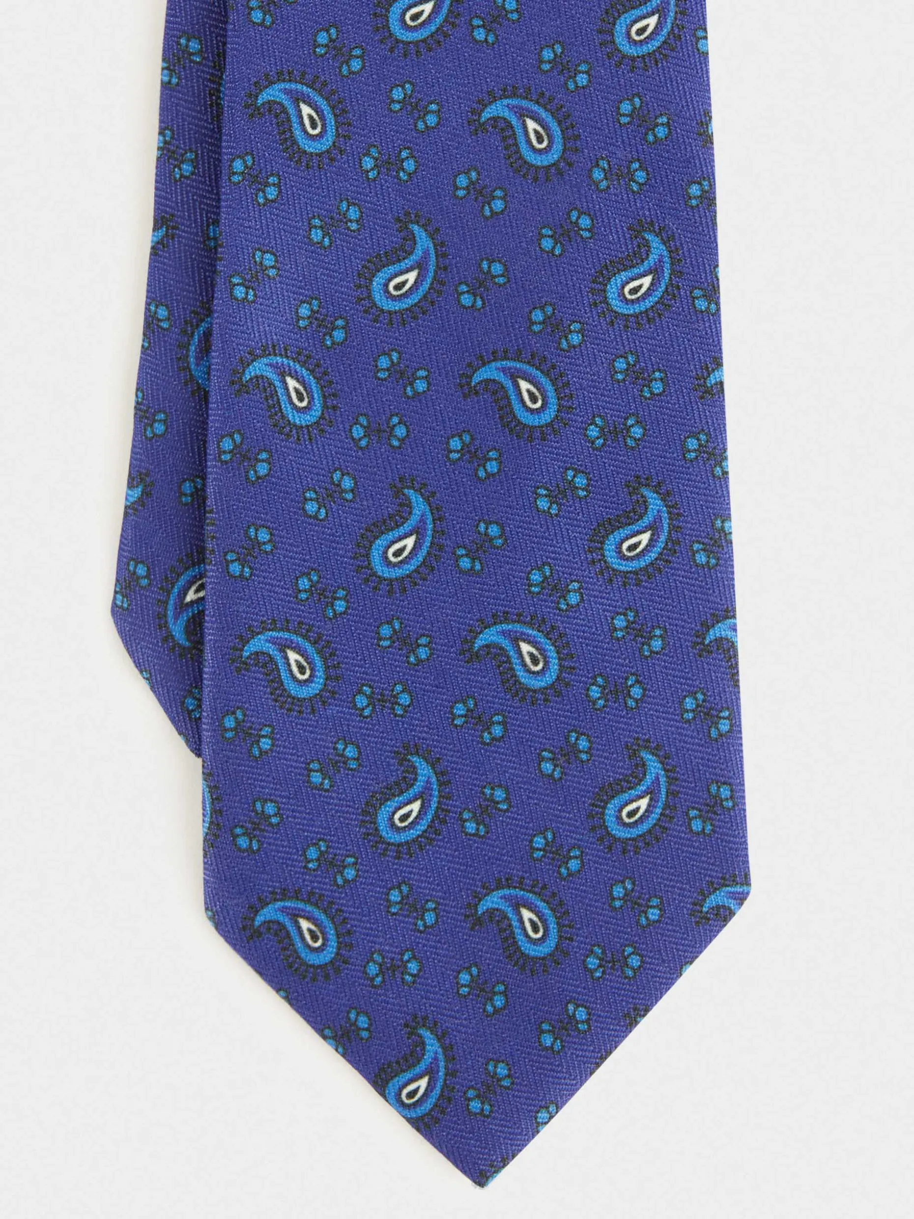 Corbata con diseño estampado personalizado confeccionada en 100% poliéster. Cuenta con el logo de la marca grabado en el interior.
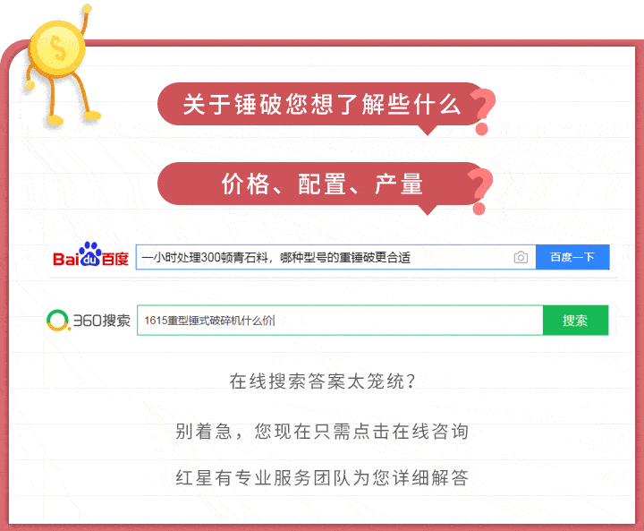 大家若是想具體了解1615重型錘式破碎機的價格,可選擇在線咨詢 的方式,我們的客服人員具備一定的專業(yè)設備知識,在為您進行準確報價的同時,還可提供一些合適的方案或者建議供您參考。
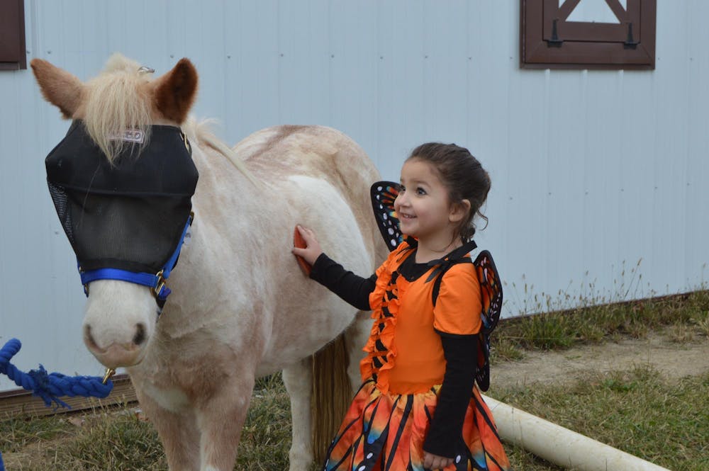 Karlee Pridemore brushes a horse at the People and Animals Learning Services’ "Halloween with the Horses" event Oct. 25, 2025, at 7644 W. Elwren Road in Bloomington. The event included activities like horse bobbing for apples, trick-or-treating and face painting.

....

» **Required work**:
Please give the data above again in exact form and omit every picture.

» **Written solution**:
 Corbata con diseño estampado personalizado confeccionada en 100% poliéster. Cuenta con el logo de la marca grabado en el interior.
 大家若是想具體了解1615重型錘式破碎機的價格,可選擇在線咨詢 的方式,我們的客服人員具備一定的專業(yè)設備知識,在為您進行準確報價的同時,還可提供一些合適的方案或者建議供您參考。
 Karlee Pridemore brushes a horse at the People and Animals Learning Services’ "Halloween with the Horses" event Oct. 25, 2025, at 7644 W. Elwren Road in Bloomington. The event included activities like horse bobbing for apples, trick-or-treating and face painting.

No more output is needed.